Get the latest source code from Github.

$ git clone https://github.com/o/gaia.git

For building a runnable "fat" JAR file, run package goal of maven in the root directory of project.

$ mvn package

After build process, JAR file will be created at target directory. You can run Gaia with the following command:

$ java -jar target/gaia-0.4.0.jar server config.yml

If you press ^C, the application will shut down gracefully.

You need to run redis-server before pushing events and querying stored data.

###Configuration

Gaia uses Redis for storing data. If you need to configure default server and port address of Redis instance, you can set it from config.yml which located in the root directory.

###Talking to Gaia

After running Gaia, it exposes RESTful API over HTTP with JSON output for pushing and querying data. It can be accessible from http://127.0.0.1:8000.

####How to push events

For pushing a new event, we need to make an HTTP POST request with a JSON payload including the default parameters.

POST /events
{
  "name": "<String>",
  "increment": "Optional<Long>",
  "timestamp": "Optional<Long>"
}

Required parameters

name, which is canonical name of your input data. You will also use this for querying event data. Event name should consist of alphanumeric characters and dash. (Ex: view-userprofile-890)

Optional parameters

increment, this argument is useful for overriding event count for submitting multiple events in single operation. (Defaults to 1)

timestamp, if you need irregular updates, this argument lets you specify when event occurs. (Defaults to current Unix timestamp)

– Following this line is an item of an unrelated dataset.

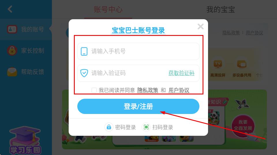 4、输入手机号、验证码,勾选同意隐私政策和用户协议,点击登录/注册。
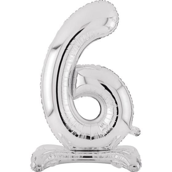 Silver Large Number 6 Air Filled Standing Foil Balloon 76cm Each

Simply, if you want to send only one event related to current time, specifying name parameter is good enough. If everything went smoothly 201 Created response with empty body is returned. If something went wrong (Ex: connection interruption with Redis instance) 500 Internal Server Error response is returned.

Example:

$ curl -i -X POST -H 'Content-Type: application/json' -d '{"name": "foo"}' http://localhost:8080/events

HTTP/1.1 201 Created
Date: Tue, 11 Nov 2014 14:21:12 GMT
Content-Type: application/json
Content-Length: 0

If there was a validation error with JSON payload an error response with 400 Bad Request for increment and now parameters, 422 Unprocessable Entity for event parameter will be returned with error messages. If you forget to add Content-Type: application/json header in request 415 Unsupported Media Type will be returned.

####How to query events

For querying events from Gaia, we simply make an HTTP GET request and specify the parameters about event name, data granularity and time range.

GET /events/<String>?start=<Long>&end=<Long>&resolution=<String>

All parameters are mandatory

event, as you guessed, we already used this value for feeding our data.

start and end parameters take Unix timestamp for specifying interval of time-series.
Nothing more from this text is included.